L’histoire est assez polanskienne, avec un perso féminin virant parano le long d’un crescendo assez démentiel, jouée par l’excellente Juno Temple, désormais habituée à ce type de rôles (un peu comme dans « Killer Joe » ; elle joue ici une version introvertie du rôle qu’elle y tenait). La grande qualité du film, c’est cette retenue dans les effets, avec une façon d’introduire l’étrange par toutes petites touches.
Un regard caméra d’un animal par exemple suffit à induire un sentiment d’inconfort assez étonnant, dans cet univers totalement distordu par le délire apophénique du perso principal, ça et quelques plans de « natures mortes » assez bluffants de beauté, sans esbroufe. Il faut dire que le jeune Sebastian Silva (qui écrit et réalise, après l’inédit « Crystal Fairy », désormais dispo au moins en VOD, je crois) est bien épaulé par Christopher Doyle, l’incroyable chef-op’ de Wong Kar-Wai, qui signe ici un travail époustouflant (des scènes de nuit qui sont VRAIMENT des scène de nuit, une utilisation astucieuse des sources de lumière dans le cadre, des subtils contre-jours…).

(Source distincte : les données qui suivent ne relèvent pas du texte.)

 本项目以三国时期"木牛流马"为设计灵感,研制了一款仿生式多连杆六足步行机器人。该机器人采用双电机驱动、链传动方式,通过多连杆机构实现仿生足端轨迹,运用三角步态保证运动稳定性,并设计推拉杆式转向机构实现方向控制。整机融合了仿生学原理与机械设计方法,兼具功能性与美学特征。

Tout ça est très malin en plus, car Silva se livre au petit exercice de reprendre les codes du film d’horreur pour faire tout à fait autre chose (la bande de jeunes isolés dans une baraque paumée, l’inquiétante étrangeté, etc…), dans la démarche inverse d’un Bruno Dumont qui n’utilisait aucun des codes du film d’horreur avec « 29 Palms », qui en est pourtant un. Une étonnante réflexion sur un genre, mais extérieure au genre.

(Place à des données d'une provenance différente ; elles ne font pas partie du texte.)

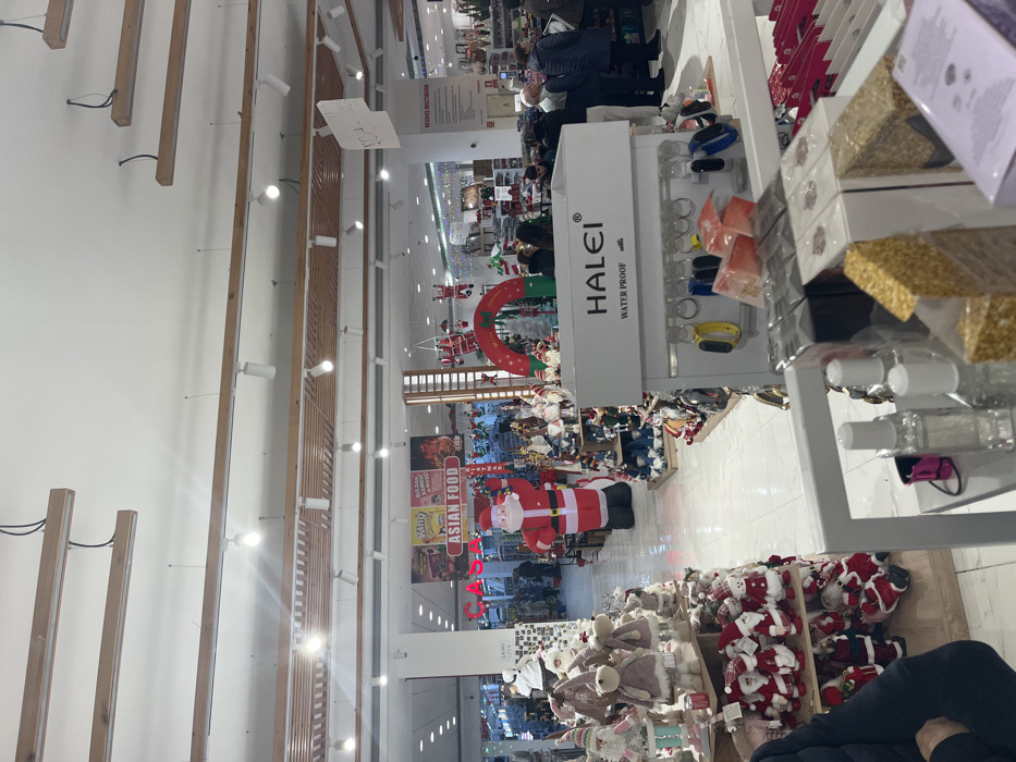 A brightly lit retail store displays holiday merchandise. A large inflatable Santa stands near shelves filled with Santa plush toys. Above, hanging Santas dangle. A Christmas wreath archway adds to the festive decor. A "HALEI WATERPROOF" display case showcases watches and accessories. Aisles stretch back into the store, lined with products under fluorescent lighting. Wooden accents and ceiling fixtures add a modern touch to the commercial space.

Le plus étonnant c’est cette narration basée sur des fragments plutôt courts, avec un montage plutôt cut, mais pas dans le mauvais sens du terme. Je suis d"habitude plutôt réfractaire aux montages trop nerveux, mais ici c’est parfaitement pensé, comme une sorte de travail sur le « plan fugace », à l’image du titre du film qui s’affiche de manière presque subliminale, quelques fractions de seconde.

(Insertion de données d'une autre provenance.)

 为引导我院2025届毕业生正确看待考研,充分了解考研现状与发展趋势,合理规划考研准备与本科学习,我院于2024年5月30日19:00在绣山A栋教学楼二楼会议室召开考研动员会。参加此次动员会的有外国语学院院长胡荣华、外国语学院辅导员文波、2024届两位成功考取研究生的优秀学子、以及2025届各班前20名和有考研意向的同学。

Un film vraiment original, qui ne connaît que peu d’équivalents (les films du mexicain Carlos Reygadas, peut-être), et qui est du coup précieux dans le paysage actuel. Si on y ajoute une facture technique irréprochable (j’aurais aussi pu vanter le travail sur le son), c’est Byzance.
Avertissement aux âmes sensibles (j’en suis manifestement), quand même : la fin est absolument déchirante, vous êtes prévenus.